O procurador também afirmou que o potencial de vantagem eleitoral por associação, chamado de “efeito carona”, e a dúvida sobre a identidade do candidato independem da existência de outro concorrente ao mesmo cargo usando o sobrenome Bolsonaro em Roraima.

Sobre o argumento de que o sobrenome já havia sido autorizado em eleições anteriores, o MPE citou entendimento do Tribunal Superior Eleitoral (TSE) segundo o qual as condições de elegibilidade são analisadas em cada pleito.
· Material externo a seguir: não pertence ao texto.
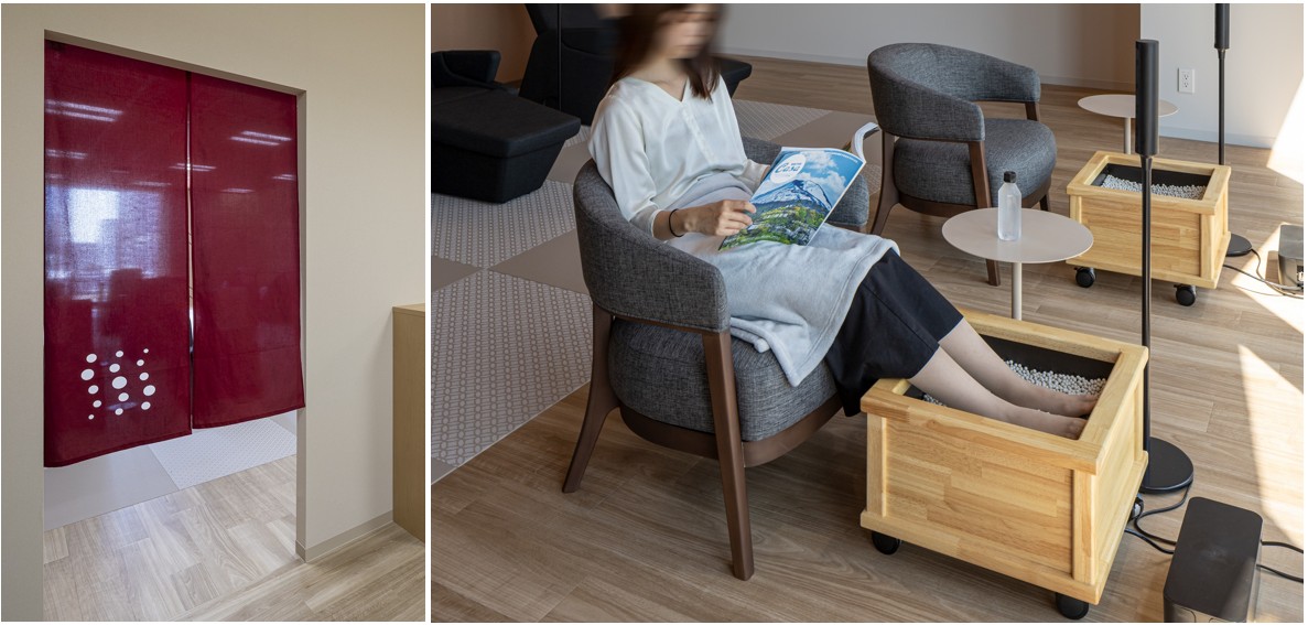 シエスタルーム:最大のこだわりは、ほっと一息つける「温泉宿」をイメージした休憩室です 。温泉宿泊予約サービス「ゆこゆこ」の雰囲気を感じられるよう、入り口に暖簾を掛け、畳を模したフロアで靴を脱いでリラックスできる環境を整えました 。リクライニングチェアに加えて「濡れない足湯」も完備しており 、従業員から「まさか休憩で足湯ができるとは」と驚きの声が上がるほど、完璧なオンとオフの切り替え(メリハリ)を実現しています。
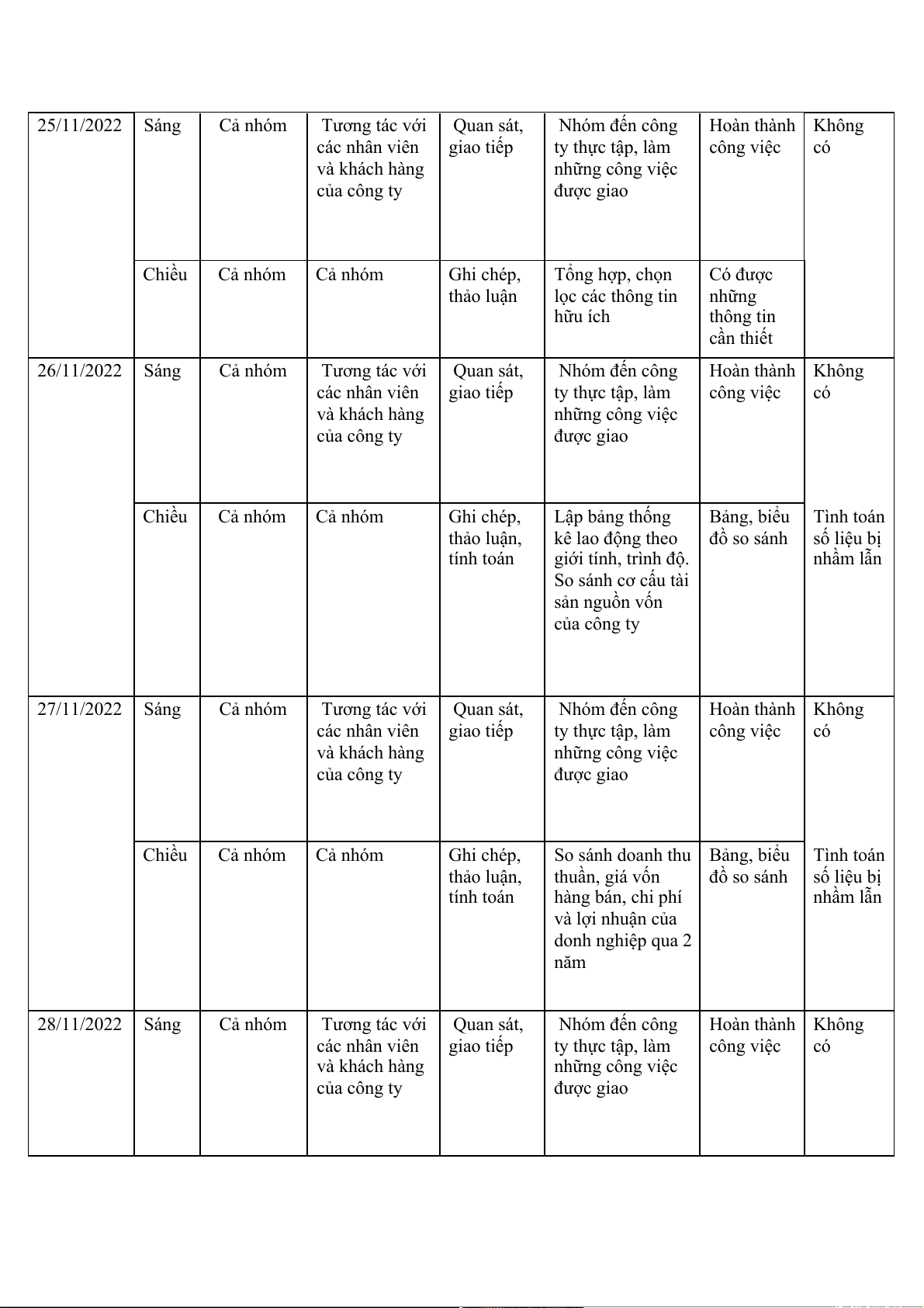 Tương tác với Quan sát, Nhóm đến công Hoàn thành Không các nhân viên giao tiếp ty thực tập, làm công việc có và khách hàng những công việc của công ty được giao Chiều Cả nhóm Cả nhóm Ghi chép, Tổng hợp, chọn Có được thảo luận lọc các thông tin những hữu ích thông tin cần thiết 26/11/2022 Sáng Cả nhóm

De acordo com a manifestação, decisões tomadas em eleições anteriores não geram direito adquirido, coisa julgada ou expectativa legítima para disputas futuras.

A manifestação também afirma que o nome pretendido pode induzir o eleitor a erro quanto à identidade do candidato e associá-lo a uma figura política conhecida nacionalmente.

O MPE sustentou que a identificação política deve decorrer da trajetória e atuação do próprio candidato, e não da utilização do sobrenome de terceiro, especialmente quando esse terceiro também concorre, no mesmo pleito, a um cargo majoritário de alcance nacional.